# Clustering

In dit notebook staan verschillende cluster algoritmes die zijn geimplementeerd. 

---

De geimplementeerde algoritmes zijn: 

1. Region growing clustering
    - Random walker clustering 
    - Watershed clustering
    
2. Pointcloud segmentation
    - Standard plane segmentation
    - Cylinder model segmentation
    
3. ...

---

Hieronder volgt code en toelichting voor elk algoritme.


### Utils
Ondestaande code bevat functionaliteit die nodig is om de algoritmes te compilen.

In [None]:
import numpy as np
INPUT_FILENAME = "csvData/160930/160930-20-00.csv"
DATA = ""

def importDataFromCSV(fileName):
    original = np.genfromtxt(fileName, delimiter=',')
    data = original[1:]
    return data

# Import data from input file
DATA = importDataFromCSV(INPUT_FILENAME)

print "Imported data from file: "+INPUT_FILENAME 

## Region growing clustering

De werking van region growing is beschreven in ons eindverslag. Er zijn twee soorten region growing algoritmes uitgeprobeerd, random walker en watershed. 

---

### Random walker algoritme
Het random walker algoritme is hieronder geimplementeerd. Hiervoor moet de scikit package *skimage.segmentation* geinstalleerd worden.

In [None]:
from skimage.segmentation import random_walker

# Random walker segmentation
def createRWSegmentation(data):
    # Format data for input as [X,Y,Z,DBZ]
    inputData = data[:,[3,4,5,0]]

    # Creating markers for dbz below 0 and higher then 7
    markers = np.zeros(inputData.shape, dtype=np.uint)
    markers[data[:,0] < 0] = 1
    markers[data[:,0] > 7] = 2

    # Generating cluster-labels with random walker segmentation
    labels = np.array(random_walker(inputData, markers, beta=10, mode='bf'))

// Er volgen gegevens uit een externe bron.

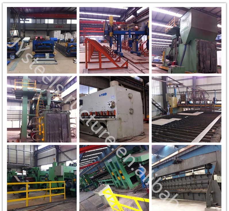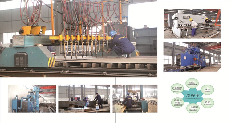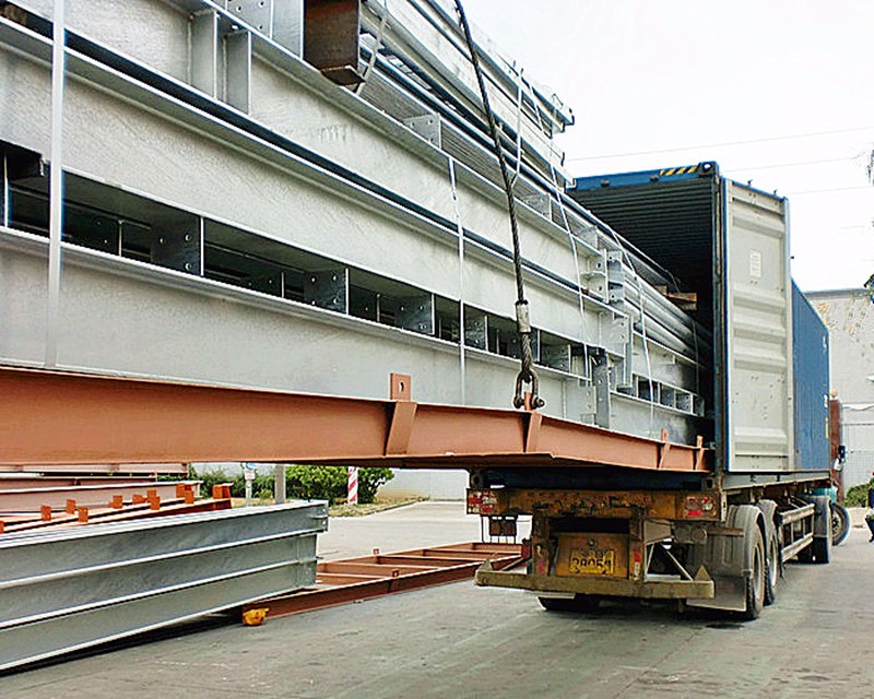 | Steel frame | 1. Welded or hot-rolled H section column & beam used to build up steel frame and steel platform for multi storey apartment buildings. 2. Steel pipe, steel rod or steel angle are used to build up frame elevation of roof & wall if sandwich panel is used for cladding system. 3. C/Z section channel (surface treatment is hot glavanized) are used as purlins for cladding system. 4. Galvanized steel rod and steel pipe are used to strengthen the connection between purlins. 5. Steel angle is used to enhance the connection between purlins and cloumns or beams. 6. Crane can be customized according to customer's request. |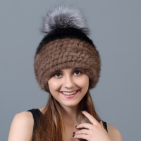 秋冬新款狐狸球保暖护耳帽子加厚水貂毛帽子裘皮皮草帽子女黑+浅咖均码稍有弹力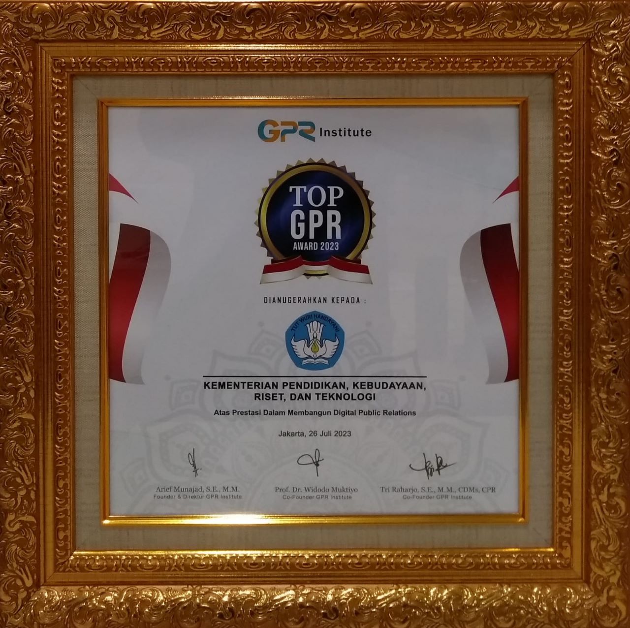 Schoolmedia News Jakarta ----- penghargaan dari Government Public Relations (GPR) Institute dalam TOP GPR Award & GPR Leader Award 2023. Kemendikbudristek memperoleh penghargaan dari TOP GPR Award 2023 dengan skor final 89,12 poin atas ‘Prestasi dalam Membangun Digital Public Relations’.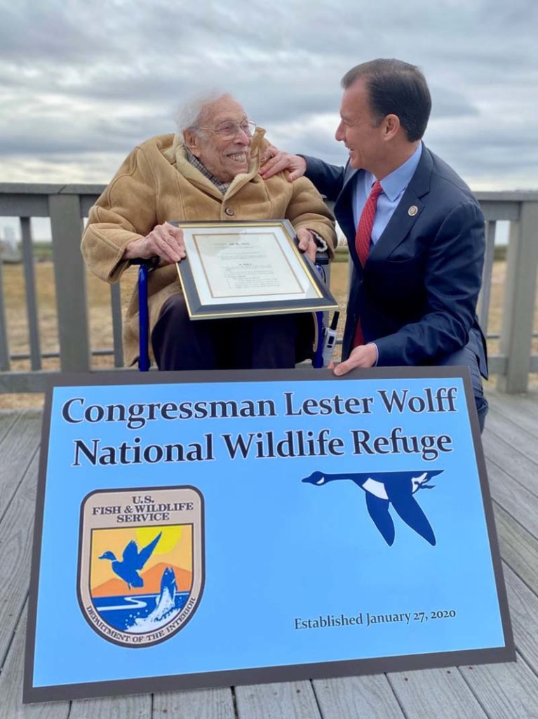 Congressman Tom Suozzi (D—Glen Cove) announced the official renaming of the Oyster Bay National Wildlife Refuge to the Congressman Lester Wolff National Wildlife Refuge. Congressman Lester Wolff, who recently celebrated his 101st birthday, is the oldest living former member of Congress and was instrumental in the creation of the federal refuge in 1968.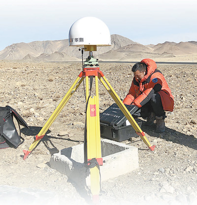 测绘队员用国产华测GNSS接收机在西藏定日县周边开展测量。王万春摄(人民视觉)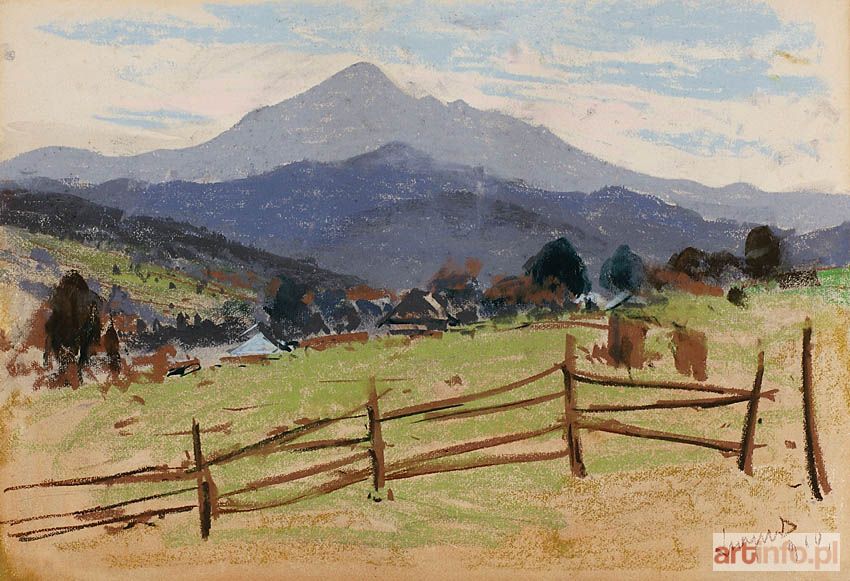 Leon Wyczółkowski, malarz, pastelista i akwarelista, odnowiciel i mistrz litografii polskiej, pedagog, jeden z najważniejszych twórców epoki Młodej Polski; artysta przywiązujący wielką wagę do doskonałości swego (niejednokrotnie eksperymentalnego) warsztatu. Naukę malarstwa rozpoczął w warszawskiej Klasie Rysunkowej Wojciecha Gersona (1869-74), by kontynuować ją w Akademii monachijskiej u Alexandra Wagnera (1877-79) oraz w oddziale kompozycji krakowskiej Szkoły Sztuk Pięknych pod opieką Jana Matejki (1877-79). Po kilku latach podróży po Wołyniu, Ukrainie i Podolu w 1895, w związku z otrzymaniem profesury macierzystej Szkoły (od 1900: Akademii) osiadł w Krakowie (zasadniczo do 1929). Czas I wojny światowej przetrwał głównie w Warszawie. Ostatni okres życia spędził między Poznaniem, Gościeradzem pod Bydgoszczą i Warszawą, gdzie w Akademii Sztuk Pięknych wykładał pochłaniającą go wówczas niemal bez reszty grafikę. Należał do grupy założycieli Towarzystwa Artystów Polskich "Sztuka". Prezentowany, nadzwyczaj dobrze zachowany (dzięki profesjonalnemu oprawieniu natychmiast po powstaniu) pastel nie przynależy - wbrew pierwszemu wrażeniu - do "serii" widoków tatrzańskich, rozwijanej aż do końca 1909, lecz powstał wiosną roku następnego, podczas podróży (1910/11) przedsięwziętej przez artystę na Huculszczyznę i Bukowinę, aż do podnóża Gorganów (m.in.: Suczawa, Jaremecz, Jabłonka, Worochty), której artystycznym plonem stało się z górą sześćdziesiąt pejzaży i widoków architektonicznych, które zaskakująco - jak nasz - łącząc brawurowo gwasz (lub akwarelę) z rysunkiem pastelem, spotkały się, mimo swego poziomu artystycznego z tak zajadłą krytyką Feliksa Jasieńskiego "Mangghi", że dużą ich część Wyczółkowski zniszczył (zob.: Leon Wyczółkowski, Listy i wspomnienia, oprac. M. Twardowska, Wrocław 1960, s. 106-107 [Źródła do dziejów sztuki polskiej, pod red. A. Ryszkiewicz, T. XI]). Mimo to na pośmiertnej wystawie monograficznej w 1937 udało się zgromadzić ich jeszcze osiem (por.: Leon Wyczółkowski 1852-1936. Dzieła malarskie, Towarzystwo Zachęty Sztuk Pięknych w Warszawie, wrzesień 1937, przewodnik [nr] 125, poz. 110-117, s. 37-38), wszystkie prawie identycznych z naszym wymiarów; kolejny (albo identyczny z jednym z nich - ibidem, poz. 114, s. 38) był 14 lutego 2004 r. oferowany na 32 aukcji Domu Aukcyjnego "Ostoya" (Katalog, poz. 5).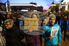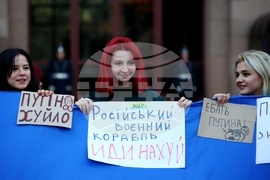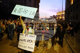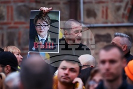 София (24 март 2022) Шествие в подкрепа на Украйна се провежда на площад "Независимост" в столицата. На снимката: протестиращ държи снимка с лика на руския посланик Елеонора Митрофанова.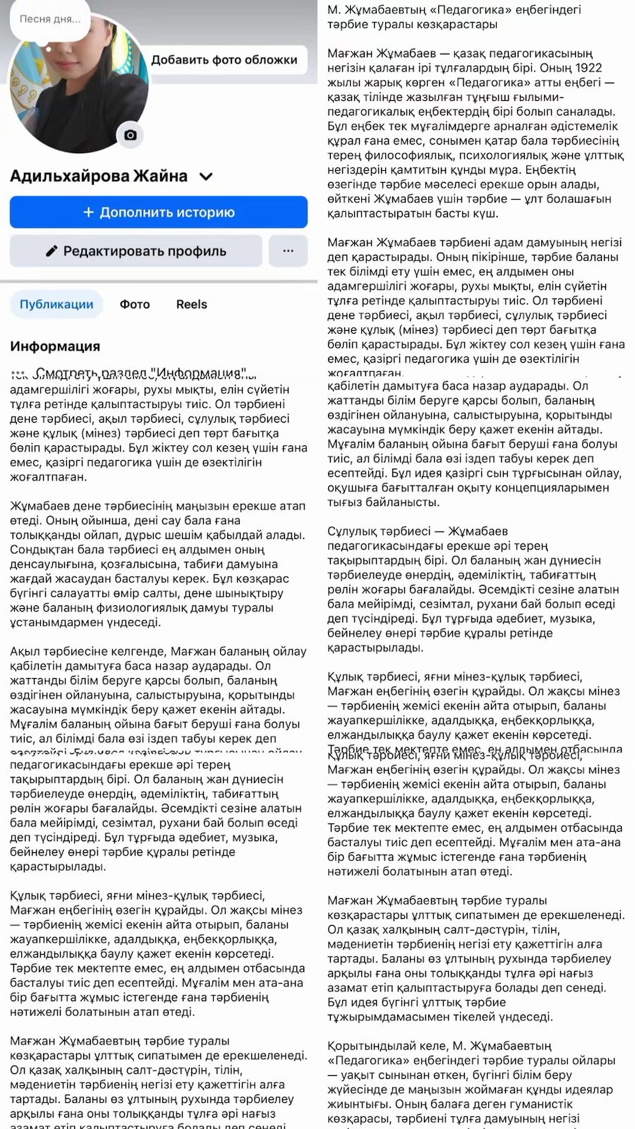 «М. Жұмабаевтың «Педагогика» еңбегіндегі тәрбие туралы көзқарастары» тақырыбына жарияланған мақала: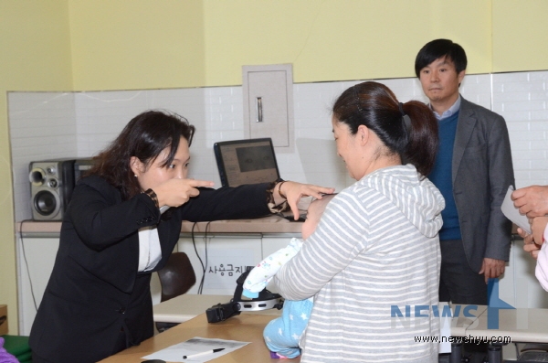 이날 참석한 영유아 중에서 사전 신청자 20명을 대상으로 아이스크링 무료 눈 검진을 실시하였고, 검사를 통해 난시로 판명된 영유아게는 좀 더 정확한 검진을 받을 수 있도록 안내하였으며 검진 후에는 안과 조희윤 교수가 ‘눈에 좋은 음식’, 임한웅 교수가 ‘아이성장과 눈 관리’를 주제로 건강강좌를 진행하여 참석자들의 높은 호응을 얻었다.

    # Appending labels to the input data resulting in [X,Y,Z,DBZ,Labels]
    result = np.append(inputData, np.reshape(labels[:,0],(-1,1)),axis = 1)
    
    # Export results to output file
    np.savetxt("output/randomWalkerSegmentation.csv",result, delimiter=',')
    
    print "Exporting results to: output/randomWalkerSegmentation.csv"

    
print "****************Running random walker segmentation*****************"
createRWSegmentation(DATA)
print "****************Ending random walker segmentation*****************"

## Watershed algoritme
Het watershed algoritme is hieronder gemimplementeerd. Hiervoor moet de scikit package *skimage.morphology* geinstalleerd worden.

In [None]:
from skimage.morphology import watershed

# Watershed segmentation
def createWatershedSegmentation(data):
    # Format data for input as [X,Y,Z,DBZ]
    inputData = data[:,[3,4,5,0]]

    # Creating markers for dbz below 0 and higher then 7
    markers = np.zeros(inputData.shape, dtype=np.uint)
    markers[data[:,0] < 0] = 1
    markers[data[:,0] > 7] = 2

    # Generating cluster-labels with watershed segmentation
    labels = np.array(watershed(inputData, markers))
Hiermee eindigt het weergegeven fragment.